+++ Records for this exercise +++

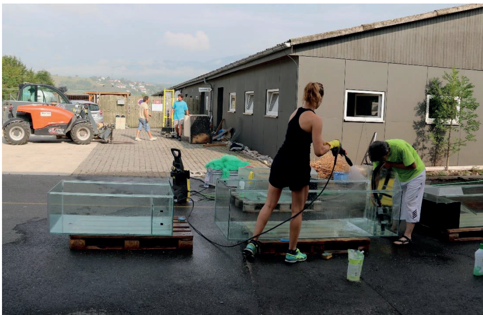
Die Aquarien werden draussen vor dem alten Zentrum bei heissen sommerlichen Temperaturen gereinigt.
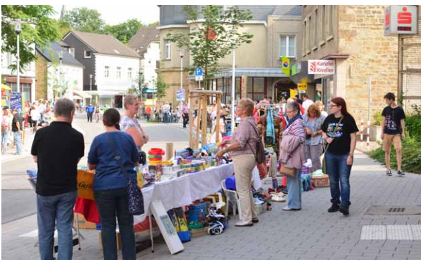
Viel los beim ersten Mondscheintrödel im Jahr 2015

Anmeldungen können ab sofort in der Bücherstube Draht (Bismarckstraße 52) erfolgen. Mit der Anmeldung ist dort auch die Standgebühr zu zahlen. Da der Trödelmarkt in kleinem Rahmen und nachbarschaftlich ablaufen soll, sind gewerbliche Händler und der Verkauf von Neuwaren nicht zugelassen. Weitere Informationen gibt es beim Citymanagement.
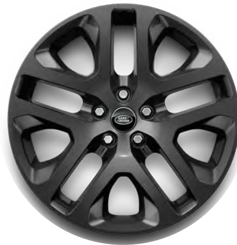
20" 5-Split Spoke, 'Style 5095' in Dark Grey
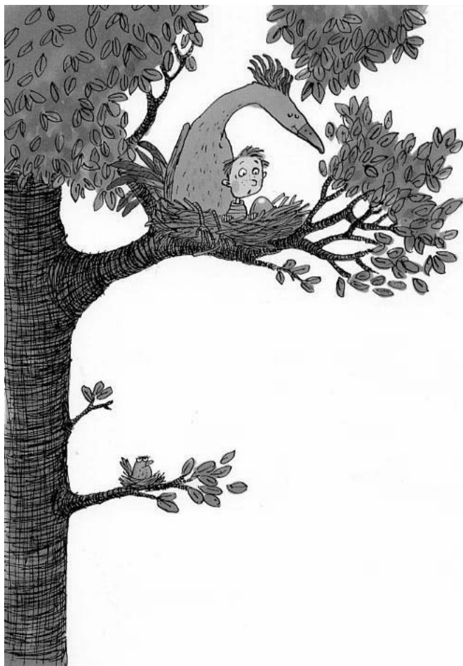
Kertomukset kuvittanut Christel Rönns
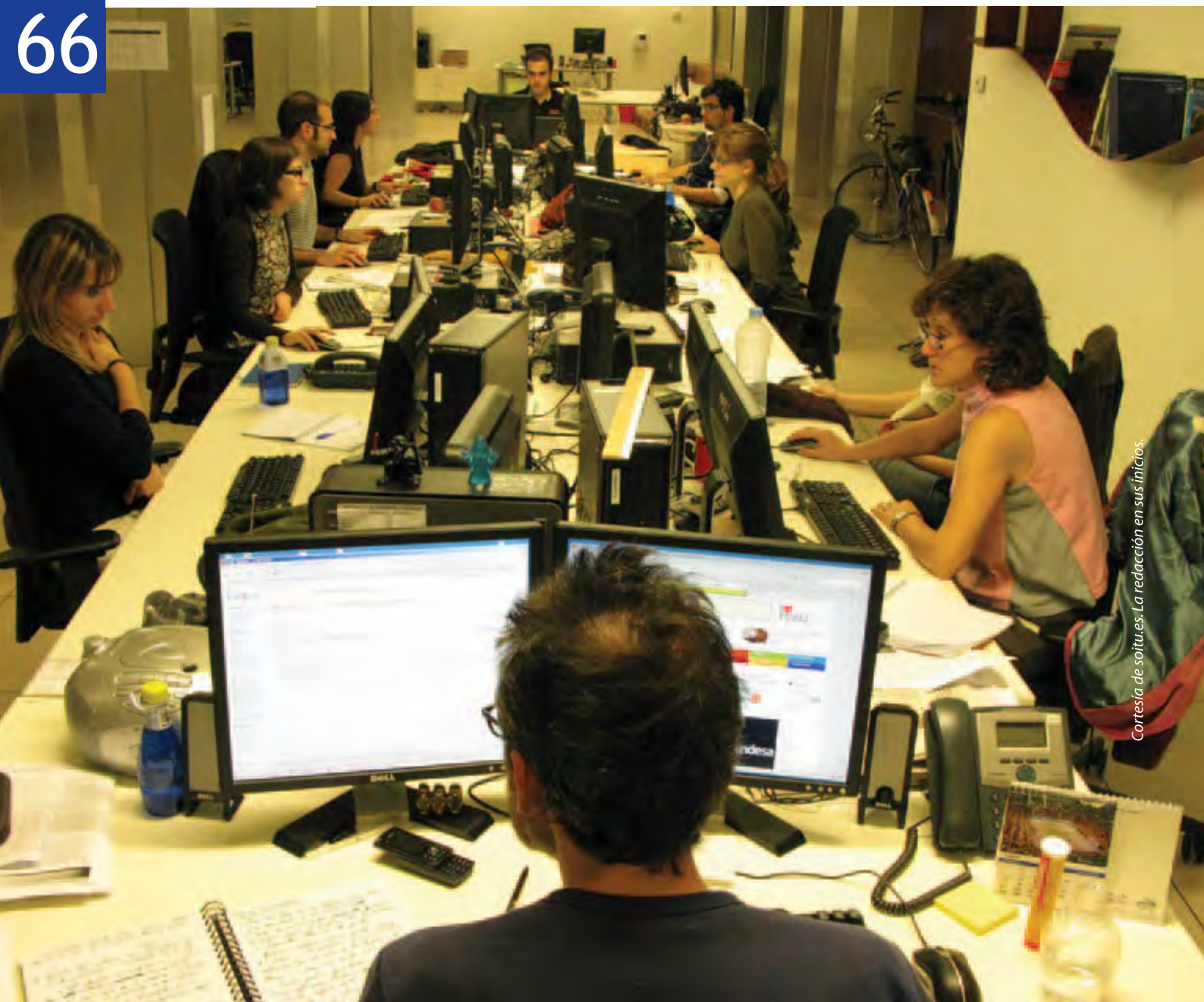
La redacción en sus inicios.
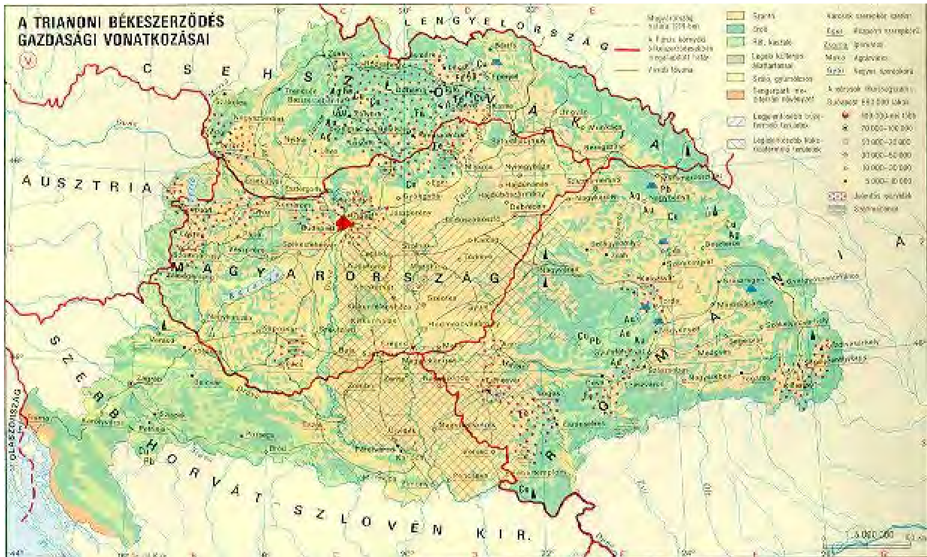
II. ábra Magyarország az 1920 - 1938 közötti időszakban
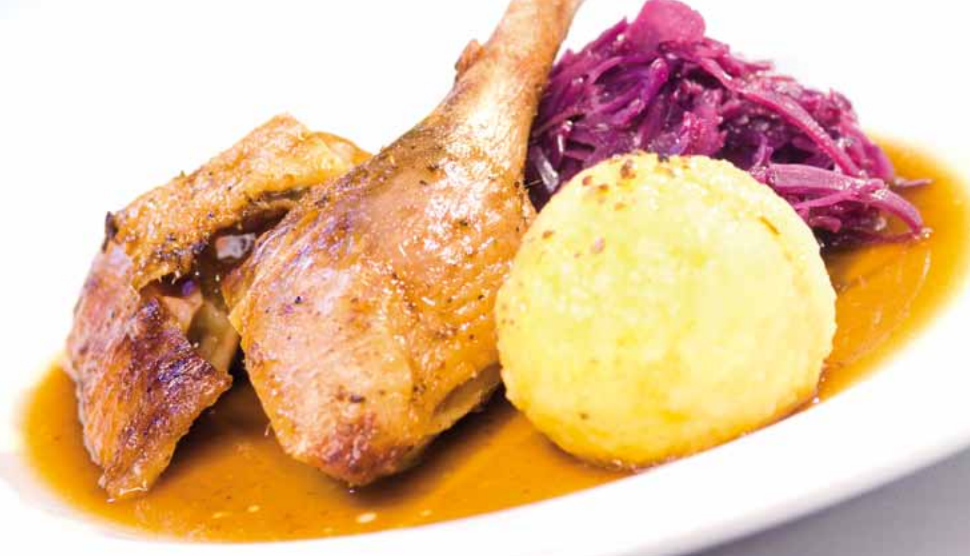
Martini Gansl mit Rotkraut und Kartoffelknödel
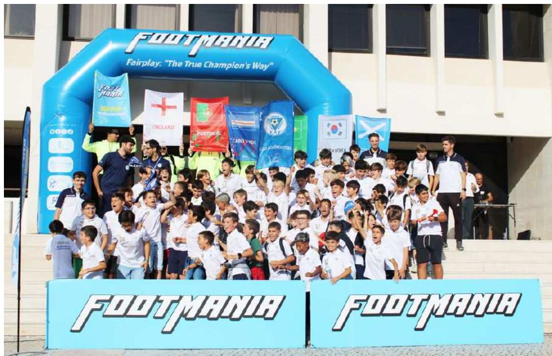
Receção nos Paços do Concelho

Os jogos têm transmissão direta no canal de Youtube do
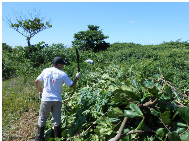
Espécies invasoras da restinga sendo retiradas no projeto Nossa Praia
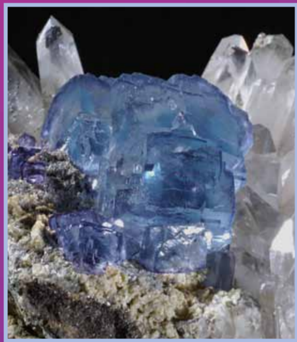
Fluorite bleue sur quartz, Mine de Yaogangxian, Chine

Certaines pierres évoquent des animaux ou des plantes, d'autres ressemblent à des colonnes, des buissons, des boules, des grappes ou des rognons. D'autres sont plus surprenantes, elles présentent des faces planes. Ces formes angulaires sont naturelles. Elles tapissent les parois des cavités souterraines appelées géodes, cryptes ou fours.
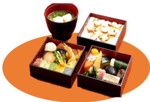
江戸エコ行楽重 (参の重)

特別史跡江戸城跡に指定されている皇居外苑の一角に位置する休憩所「楠公レストハウス」でしか召し上がり頂けない「江戸エコ行楽重」は、江戸時代の料理法と現代の食材が織りなす江戸の味を再現した商品です。
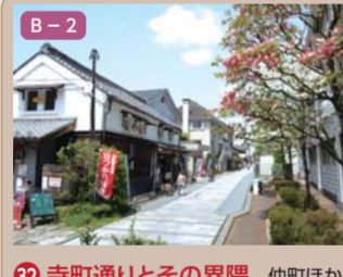
32 寺町通りとその境界 仲町ほか
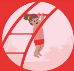
Zwaaien en slingeren

+++

- Task instructions -
Although the records above contain pictures, the copy should not; retype exactly the lines from the one containing "Certaines pierres évoquent" through the one containing "32 寺町通りとその境界 仲町ほか".

- Written answer -
Certaines pierres évoquent des animaux ou des plantes, d'autres ressemblent à des colonnes, des buissons, des boules, des grappes ou des rognons. D'autres sont plus surprenantes, elles présentent des faces planes. Ces formes angulaires sont naturelles. Elles tapissent les parois des cavités souterraines appelées géodes, cryptes ou fours.
江戸エコ行楽重 (参の重)

特別史跡江戸城跡に指定されている皇居外苑の一角に位置する休憩所「楠公レストハウス」でしか召し上がり頂けない「江戸エコ行楽重」は、江戸時代の料理法と現代の食材が織りなす江戸の味を再現した商品です。
32 寺町通りとその境界 仲町ほか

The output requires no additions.